The present document relates to output voltage sense protection devices and methods. In particular, the present document relates to techniques to detect faulty measurements of an output voltage of a power converter, and to techniques to protect a load at the output of the power converter from excessively high voltages.

BACKGROUND

Due to assembly issues, output voltage sense lines which report an output voltage at an output of a power converter may be affected by open circuits or short circuits. A controller which is in charge of controlling the power converter may mistakenly assume that the output voltage is still at a low voltage level. This may be in particular problematic during startup of the power converter: The controller may continue to increase (a) the pulse width and/or (b) the frequency of the pulses transmitted to the power converter for increasing power flow in the power converter. This may result in excessively high output voltages which may damage the expensive output loads such as CPU, ASIC, FPGA devices, etc.

Thus, it is an object of the present disclosed subject matter to provide an efficient device and method to detect an incorrectly sensed value of an output voltage of a power converter.

SUMMARY

According to an aspect, a control circuit is presented. The control circuit may be configured to control a power converter. The control circuit may be configured to receive a voltage signal indicative of an output voltage at an output of the power converter. The control circuit may be configured to receive a current signal indicative of an output current at the output of the power converter. The control circuit may be configured to determine a fault condition associated with the voltage signal based on the current signal and based on the voltage signal.

The power converter may be e.g. a switched mode power supply (SMPS). As will be discussed below in more detail, the power converter may be a multi-phase power converter, wherein each phase may comprise a power stage coupled in series with an inductor.

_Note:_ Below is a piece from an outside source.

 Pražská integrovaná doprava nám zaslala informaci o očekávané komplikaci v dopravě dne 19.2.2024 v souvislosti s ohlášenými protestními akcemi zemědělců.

The individual phases may be coupled in parallel, and the output currents of the inductor may be summed up at the output of the power converter to form the power converter's output current. As will be discussed below, the current signal may comprise a plurality of phase current signals for the individual phases of the power converter.

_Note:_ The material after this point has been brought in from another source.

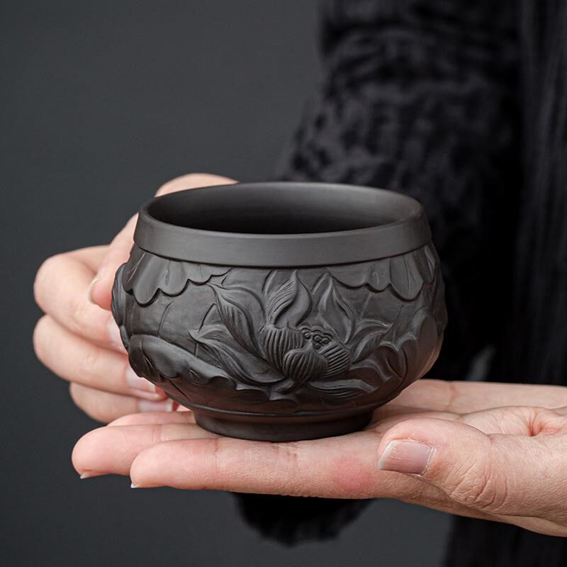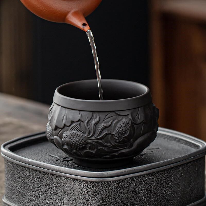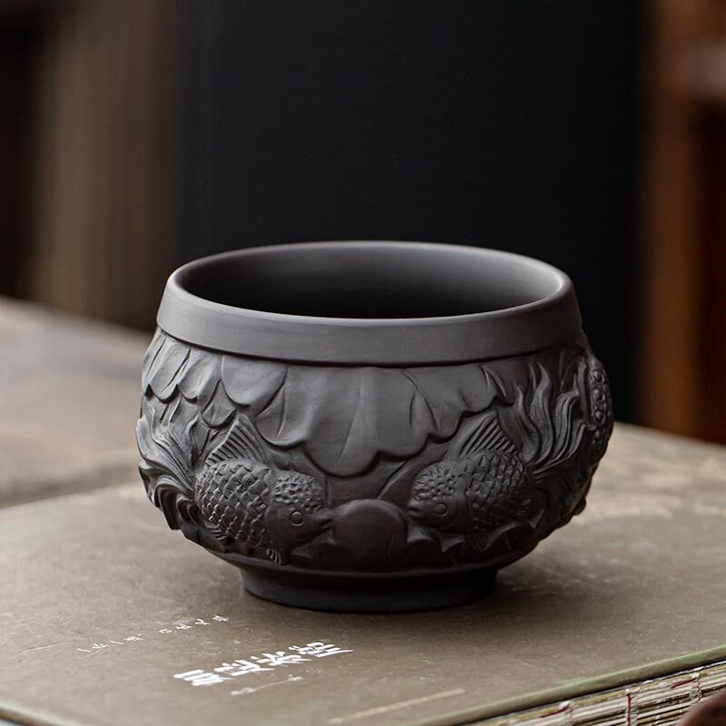📚 豪跃复古紫砂主人杯莲莲有鱼浮雕茶杯茶盏杯子功夫茶具品茗杯单杯

The control circuit may comprise one or more processors for implementing or at least initiating the functional features of the control circuit described within this document. Specifically, the control circuit may comprise a microcontroller MCU for carrying out the described functions.

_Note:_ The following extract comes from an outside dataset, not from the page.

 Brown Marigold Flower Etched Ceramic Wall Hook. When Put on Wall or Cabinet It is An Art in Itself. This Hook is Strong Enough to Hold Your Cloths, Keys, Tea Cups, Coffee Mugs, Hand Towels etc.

The features of the control circuit described within this document, and in particular the functional features of the control circuit, may be implemented by respective software or hardware units, or by a combination of both. Hardware units may be implemented using digital or analog circuit elements, or by a combination of both.

By determining a fault condition (only) based on an analysis of the sensed output voltage and the sensed output current, it becomes possible to detect the fault condition in a simple and efficient manner. In particular, fault detection may be implemented purely on the control circuit by updating the control circuit firmware, and no additional hardware elements such as current sources, comparators, or other analog circuitry is required.

The control circuit may be configured to determine the fault condition if a value of the current signal exceeds a current fault threshold and if a value of the voltage signal is below a voltage fault threshold. To be more specific, the control circuit may be configured to determine the fault condition if, at a point in time, a value of the current signal exceeds the current fault threshold and if, roughly at the same point in time, a value of the voltage signal is below the voltage fault threshold.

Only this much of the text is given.